Many large, industrial scale 3D-printers that cost several tens of thousands of Dollars (or Euro's) not very long ago (about the same time RepRap, Makerbot, Ultimaker et al. became popular) are being decommissioned for trivial problems. Some have software errors, some have clogged extruders. Some ran out of filament. Many get dumped because their owners make a cost/benefit calculation, and with the annual retainer for a service contract being about the cost of a RepRap descendant, that calculation quickly tips into the "time to write-off" side.
These are also complex machines with many sensors, actuators and several layers of software all working together. This makes them error-prone, and, being closed-source (and maintenance literature hard to find), hard to repair.

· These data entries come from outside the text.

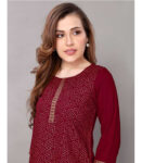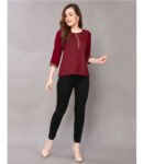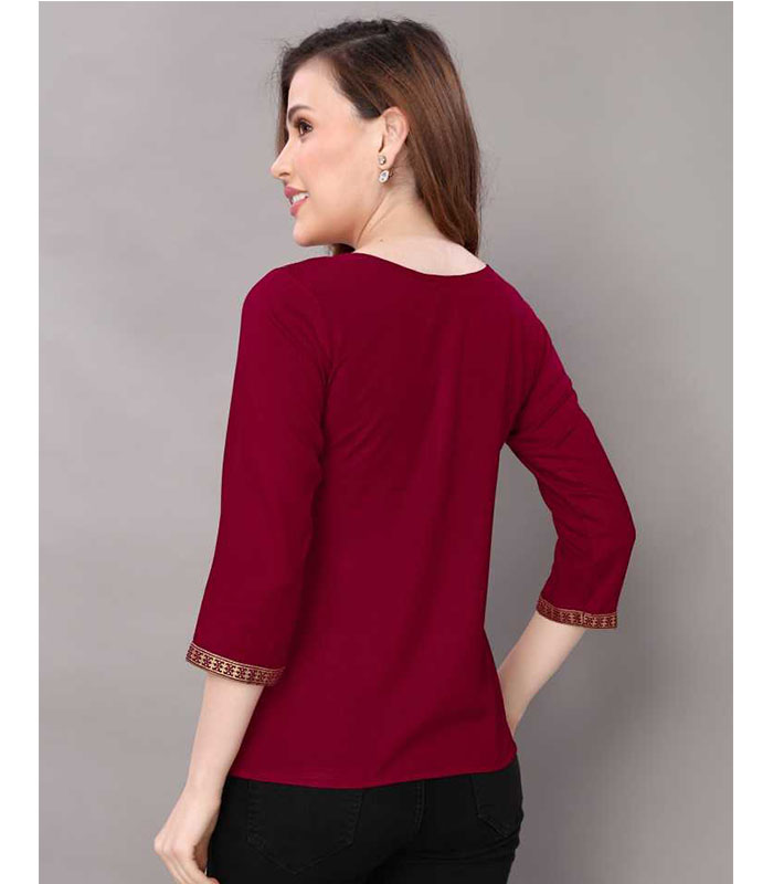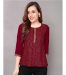 Maroon Color Foil Printed Rayon Regular Top with Round Neck and 3/4 Sleeves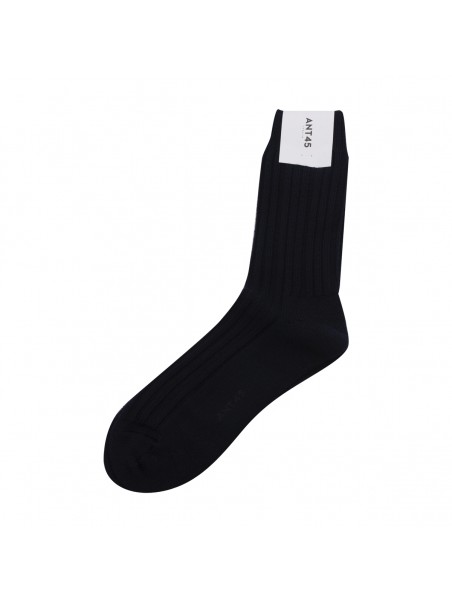 Black cotton-wool blend socks from Ant45 featuring logo print embellishment, elasticated hem and fine knit construction.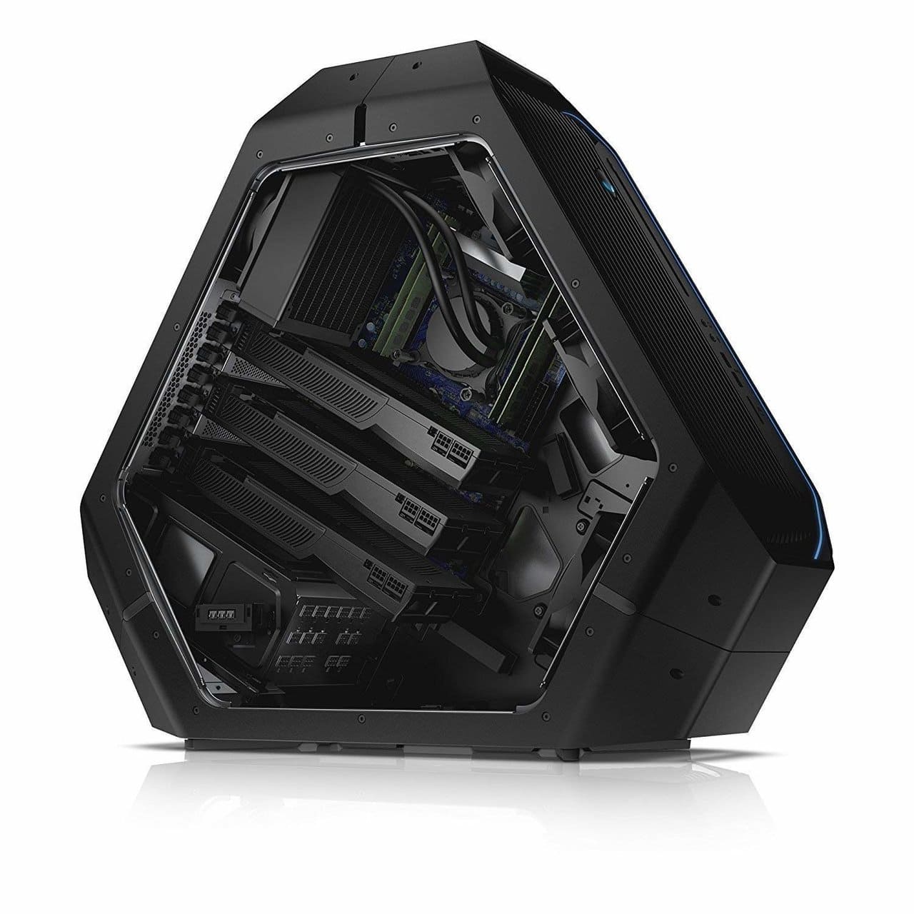 Alienware is planning to invade your homes with the 2018 Area 51 R2 gaming desktop computer. An angular monolith lined with sleek LEDs that provide a futuristic vibe to its enclosure. Don’t let the minimalist triangular form factor fool you—this imposing 22.4 x 25.16 x 10.74-inch object weighs in at a hefty 68.3 pounds. Thankfully, the integrated handles and unique shape make it easier to move around.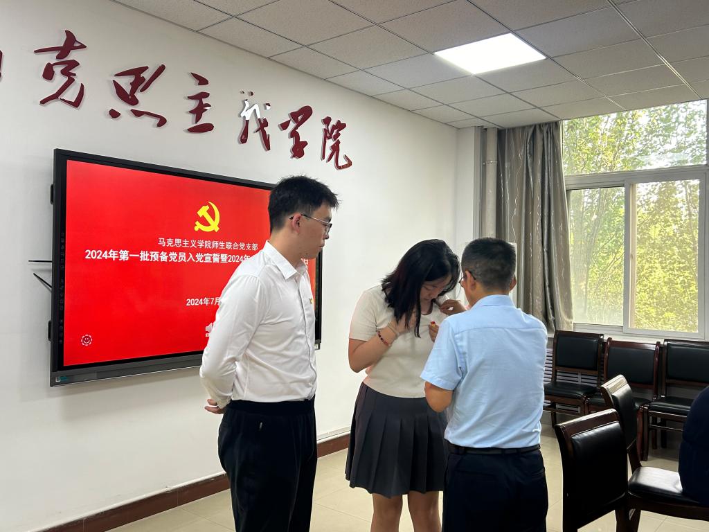 仪式在雄浑、悲壮的国际歌播放中开始。党支部书记宣布了党支部关于接收4人为预备党员的决定和公司党委同意支部决定的批复,在向4名同志表示祝贺的同时说明了尚需努力的方向,强调了预备党员的权利、义务和转正申请等事项,向4名同志佩戴了党员胸章。由党支部书记领誓,支部部分老党员陪同,面向党旗庄严宣誓入党。

Thus, they can be picked up for a snap (in monetary terms, being bulky they carry a lot of mass). My particular unit booted, initialized, calibrated and even printed the first layers, but would intermittently stop with the error code "14, 129", which the service manual for another printer of the same line (probably running the same software) indicates as an extruder problem: "Toggle Head failure".
While taking apart the extruder head, I noticed a small PCB (outlined orange in one of the photos) with two IR reflection sensors (QRE1113 or equivalent) on the back. They shine their light on a black and silver metallic sticker which is on the rod that moves the extruders into and out of the way.
Because the white LED's of the interior lighting had failed (probably due to prolonged activation in an environment of 70 degrees Celcius), I thought the same must have happened to the IR LED. Swap out the sensors for fresh ones (an easy SMT repair job), reassemble the machine (not so easy) and do a test run: no more problems!
Other common errors on Dimension machines:
- the wiring on the extruder servo motor encoder fails due to shaking and thermal exposure
- bubbling support / build materials (and because of that clogged/blocked extruders, etc.) indicate
- empty backup battery coin cell on motherboard corrupts memory of installed cartridges (which manifests as weird "Shutting down - Continue"-errors while initializing)
- When these work they're wonderful (true tolerance, real ABS prints with soluble support and zero warping!) but my god are they error-prone
Hopefully, this saves other machines from landfill!